I was here on this peaceful night because I couldn’t sleep. I found myself lying in bed with my mind twisting and turning over the situation that was my life. So far, my new title as Queen Luna hadn’t changed my situation much compared to before I’d gained it, but I was certain it was only because I hadn’t completed the steps needed to truly become it.
Would I need to know how to fully shift?
I looked at my hands absently, flexing my fingers as I remembered the power that coursed through them when they were shifted. I had a sharp image of my hand in Lillian’s chest and immediately clasped my hands into fists, wincing in response.
They lifted all the curses.
Diana’s words were bothering me. It was true, their Goddesses brought back mates and now even birth, but did they really break all the curses? The oracles had been banished, but if they were still here, would their connection to the Goddesses be revived or is that link still severed as Cynthia had told me? And Roman…
Roman Stone.
He was still immortal, wasn’t he? It bothered me. This entire messy situation began with him, didn’t it? I was relieved the wolves weren’t doomed and they finally could be happy once more, but wouldn’t that turn things back to the way they were before the blessings were taken away? Roman had still been cursed then; an angry soul tormented among those he couldn’t allow himself to deeply care for.
I knew the entire reason I had begun this entire “quest”, the reason I had decided to stay in this village instead of running home when I had the chance, was to protect humanity and more specifically the ones I had left behind. In that time, my life had been expanded further than I ever had imagined before, and I had grown to desire a sort of… happiness to be given to the wolves as well. Or maybe peace.

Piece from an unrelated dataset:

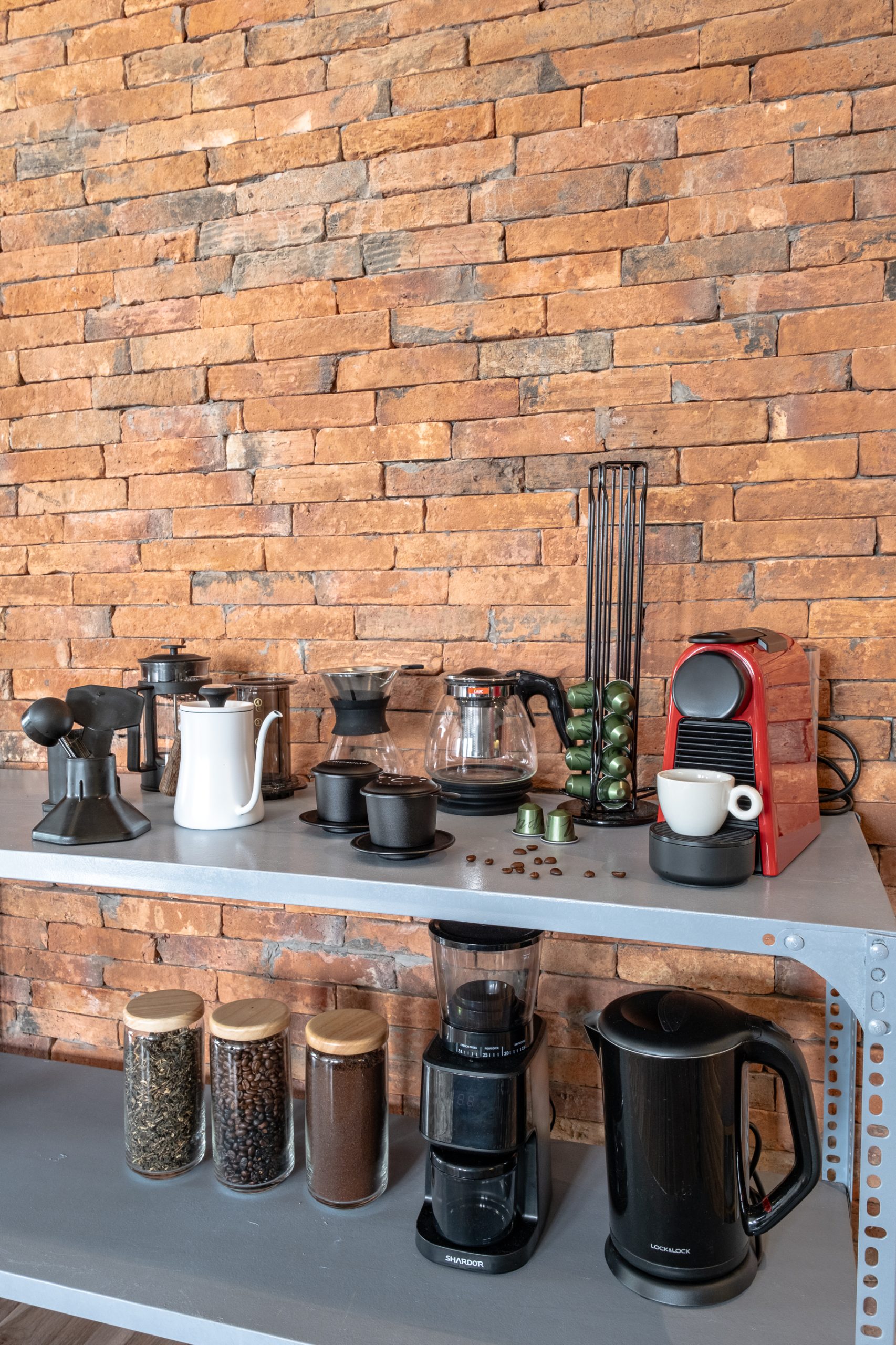 Highlights include our vinyl player with LPs, a movie projector, and a huge coffee bar with Nespresso machine and several coffee options (beans included!)

Now, there seemed to be another desire picking at my spirit. Roman was still cursed. Even if he decided not to harm the humans and allowed me to go home to live my human life, he would still be cursed. It bothered me.

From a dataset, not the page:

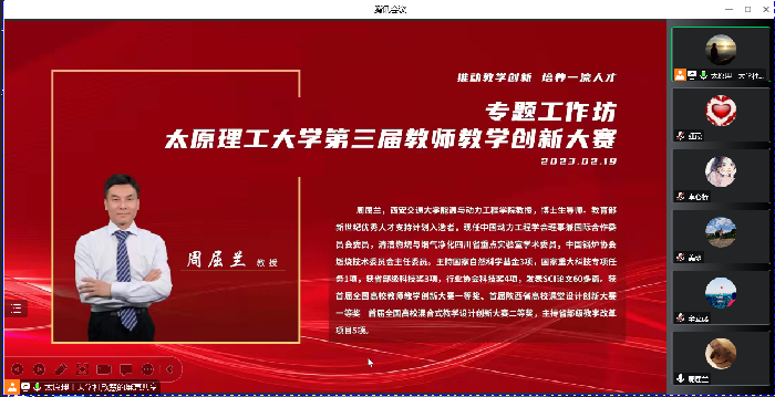 2月19日,本科生院教师发展中心举办线上“教学创新成果报告专题工作坊”活动,本科生院相关领导和我校入围省赛的教师团队等18人参加了线上交流探讨。本次工作坊特别邀请首届全国高校教师教学创新大赛一等奖获得者、西安交通大学周屈兰教授给老师们的教学创新成果报告做专项指导。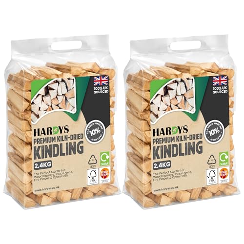 Hardys Kindling Wood, 2 Pack - 4.8kg (2 x 2.4kg) Approx. | Instant Light Firewood Logs, Smokeless - Kiln Dried - BBQ, Fire Heat Logs for Wood Burner, Pizza Oven, Open Fire Pit

The creature within me stirred as I remained gazing into the surface of the lake in deep thought. I paused when I felt the twinge and then dropped my arms to push myself to my feet quickly. I considered running away, as I had been doing for awhile now, but I knew I couldn’t keep running forever. Plus, I didn’t like Roman thinking I was completely terrified of him. I wasn’t. Maybe.
Roman stepped into view and it was breathtaking. He paused when he saw me, as though he weren’t expecting me, but he must have if he could feel me as I felt him.
“You’re not going to try to avoid me?” His voice carried easily over the peaceful tune of nature in the night. My heart began to pick up pace just at the sight of him, but his question made it only worse.
I shook my head wordlessly. Roman stepped towards me, beginning to close the distance between us warily. His eyes slipped from me to the lake just briefly before turning back to me.
“Were you looking for guidance from the Goddesses?” He asked me, sarcasm slipping through his tone before he cleared his throat and added more politely, “In the past, there were talented oracles that could do it even with puddles, so I’m sure a lake wouldn’t be too difficult for someone like you.”
I considered several snappy comebacks. ‘If I said yes, would you ban me from even drinking water?’ I considered asking if he would think of allowing those oracles who did survive to come back to the packs once the blessings of the Goddesses all came back. My mind thought over ways to immediately make him angry, to feel that heat even in my own veins, if only to give me that familiarity I was more comfortable with when dealing with him.
They lifted all the curses. Except for his. Why did I care?